Рэбэ…. Нет, о нём позже. На закуску, так сказать. Если бы мы не в спецотряде, где-то в другом месте кувыркались, были бы друзьями. Здесь, в спецотряде, дружба не приветствуется. Объяснение простое: а если выбор? А если нужно кем-то жертвовать? Кем-то одним? Или не одним? Командир отправляет подчинённого на смерть. Знает, что на смерть, но отправляет. Потому, что задача должна быть выполнена. Любой ценой. Отправлять на смерть человека тяжело. Товарища – совсем тяжело. А друга?
Это Носорог объяснял.
И вообще – после этой учебки нас по разным спецподразделениям распределят. Возможно, друг с другом больше никогда и не встретимся…

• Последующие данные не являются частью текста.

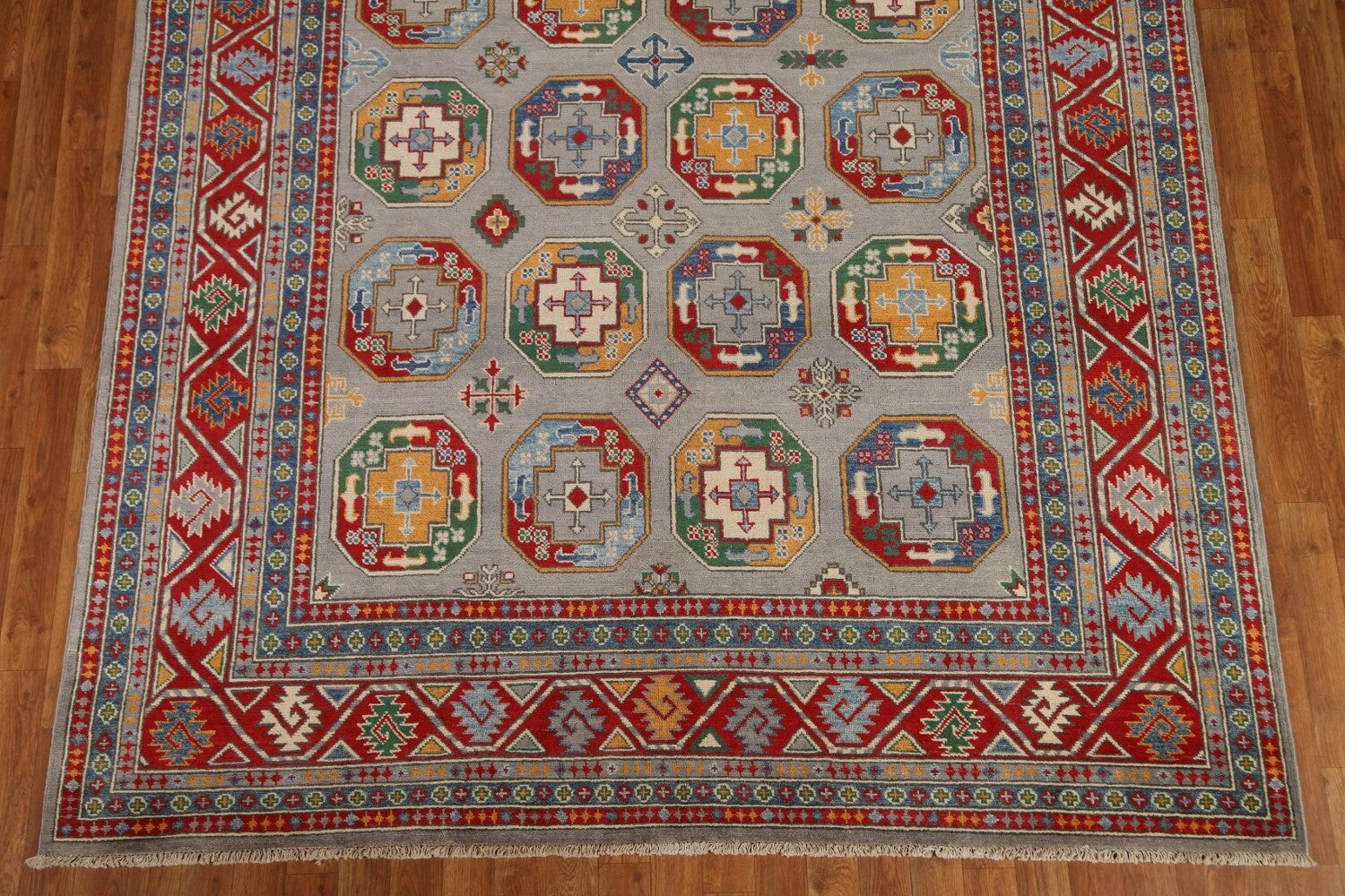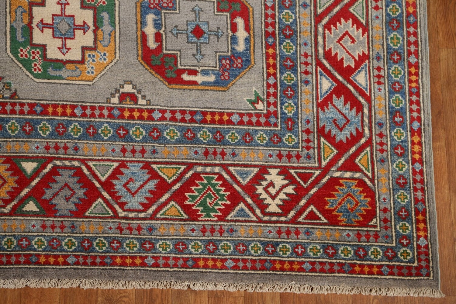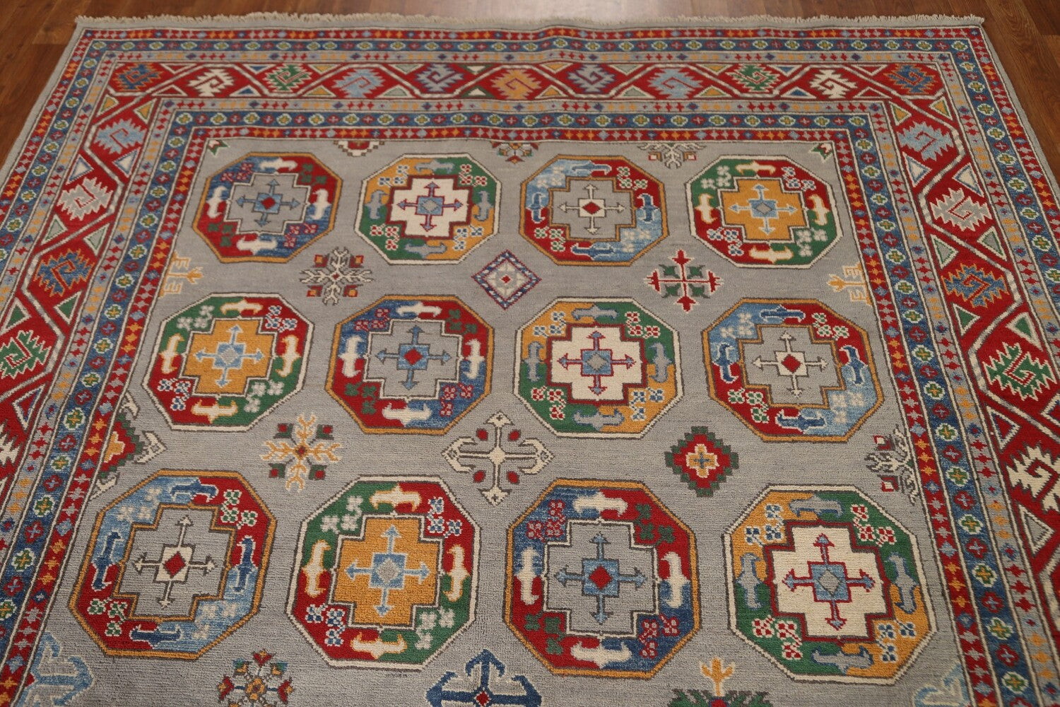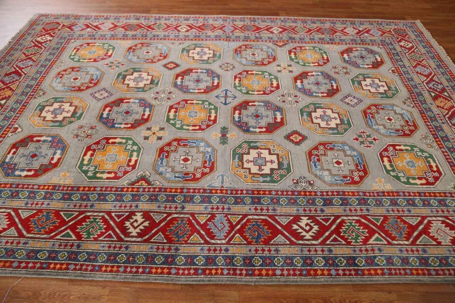A Beautiful Genuine Pakistan Kazak rug is Hand Knotted by skillful weavers in Pakistan with 100% Wool Material. This rug is in condition. dimensions are 9' 8'' X 6' 9'' in foot and 295 X 206 in centimeter. the primary color is Greys & Charcoal.

Гуинплен… К Гуинплену я отношусь плохо. Откровенно плохо. И не за то, что он сильней меня, а за то, что ему нравится, что он сильнее меня. Он тащится от того, что сильней. Это видно невооружённым глазом. А может быть, глаз у меня неприязнью зашторен? Инструктор по силовой подготовке, Японец (никакой он вообще-то не японец, больше на прибалта похож – белый, рослый, глаза, как у варёной рыбы), Гуинплена всем нам в пример ставит. Ты, говорит, Хохол, на мясо налегай, с рыбы ты до Гуинплена никогда не дотянешься. А я, грешным делом, и, правда, мясо недолюбливать стал. После Чечни. Насмотрелся я на это мясо. Во всех видах – и сырое, и жаренное, и подгорелое. И с душком, и свежак. После того, как вернулся оттуда, мясо совсем есть перестал. Странное дело – там тушёнку хряпал, только давай, а вернулся – как отрезало. Я кусок в себя, а он наружу. Позже чуть отошёл, стал колбасу понемногу потреблять. Колбаса – не совсем мясо, там мяса почти и нет. Потом котлеты… А здесь, на Востоке, рыбы – сколько хочешь, и какая хочешь. Ну, я и дорвался. Здесь рыба не такая, как дома. Здесь она наисвежайшая, без заморозки, за которой следует оттаивание и снова заморозка, и так несколько раз. Пока до сковородки доберётся – всё, что в ней было вкусного, ценного и полезного, всё улетучивается. Камбала здесь и та совершенно другой вкус имеет.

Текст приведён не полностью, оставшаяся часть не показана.